* WHAT YOU WILL DO: Write out every line exactly, from the start of the records below to the line with "Grand Troyes & Ville de Pont-Sainte-Marie", and stop there. Don't write out the pictures.

***** TASK MATERIAL

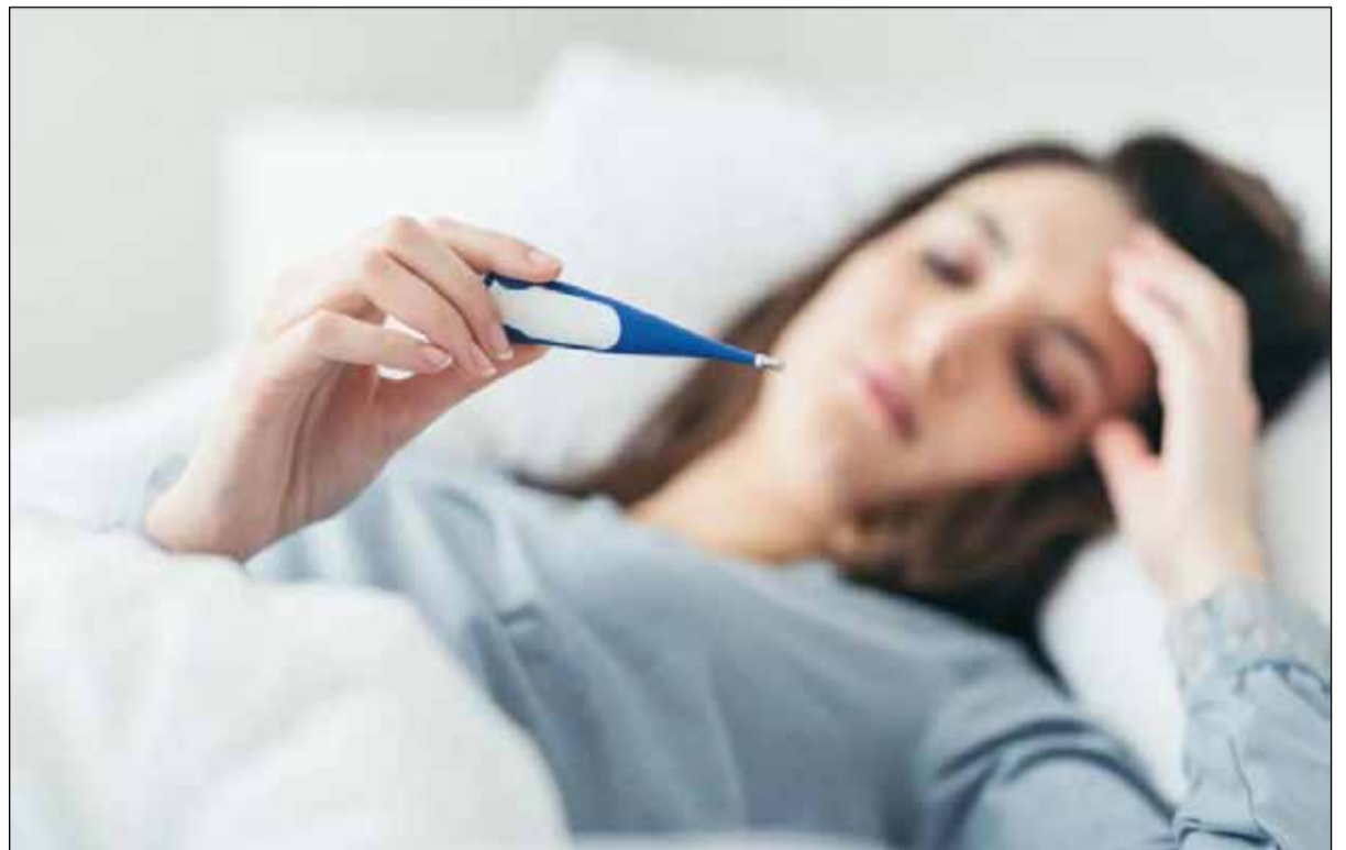
La enfermedad continúa en ascenso en la provincia y el resto del país

La fase febril puede durar hasta siete días y es la que manifiesta la enfermedad. Se caracteriza por fiebre alta y constante, de entre 38 y 40 grados, malestar general, dolor de cabeza y articular, molestias musculares e irritación de la piel con enrojecimiento. Se recomienda
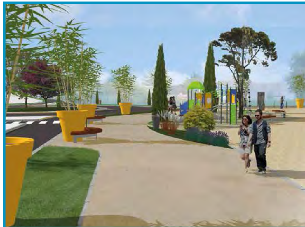
Projection du site réaménagé

Grand Troyes & Ville de Pont-Sainte-Marie
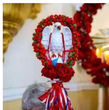
DIVINO ESPÍRITO SANTO
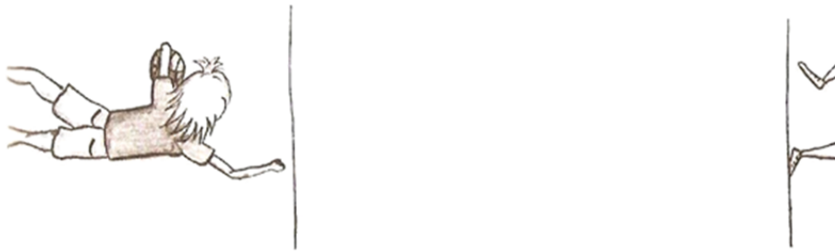
Slika 5. Puzanje s loptom (Pejčić, 2005)

Zadatak: Dijete leži na podu ispred startne crte, jednom rukom drži loptu tako da je stisne uz tijelo. Na znak dijete počinje puzati. Prilikom puzanja ne smije ispustiti loptu niti je smije kotrljati po podu. Kada prijeđe ciljnu crtu koja je od starta udaljena 4 m, zadatak je završen. Ukoliko dijete za vrijeme izvršavanja zadatka ispusti loptu, zadatak se mora ponoviti.
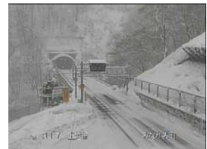
群馬県 国道17号の道路状況
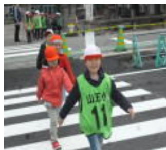
安全確認して横断歩行
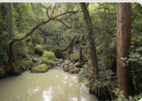
Pozo de Quetzalcóatl, en Amatlán.

Una de las leyendas más conocidas en Morelos es la de Tepoztécatl, dios del pulque, concebido por una joven y el dios Ehécatl, que tomó forma de colibrí. La leyenda narra cómo desde niño Tepoztécatl tuvo
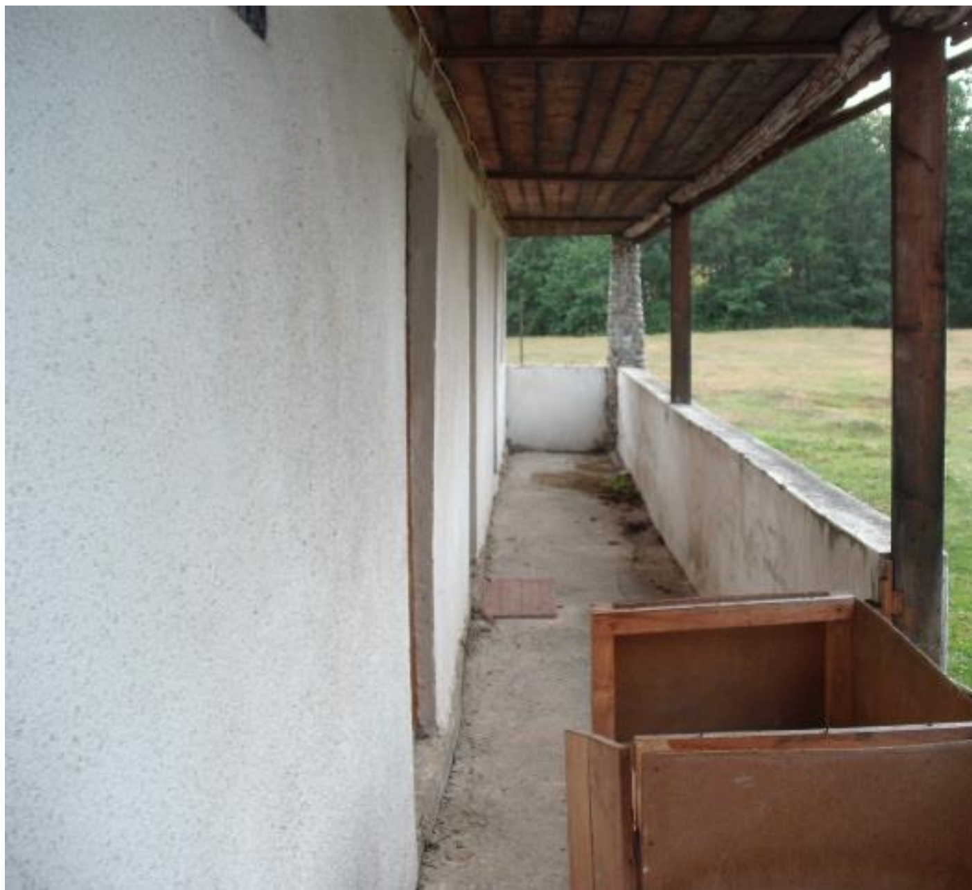
HOL LATURA SECUNDARA

**********

* SOLUTION TO THE EXERCISE:
La enfermedad continúa en ascenso en la provincia y el resto del país

La fase febril puede durar hasta siete días y es la que manifiesta la enfermedad. Se caracteriza por fiebre alta y constante, de entre 38 y 40 grados, malestar general, dolor de cabeza y articular, molestias musculares e irritación de la piel con enrojecimiento. Se recomienda
Projection du site réaménagé

Grand Troyes & Ville de Pont-Sainte-Marie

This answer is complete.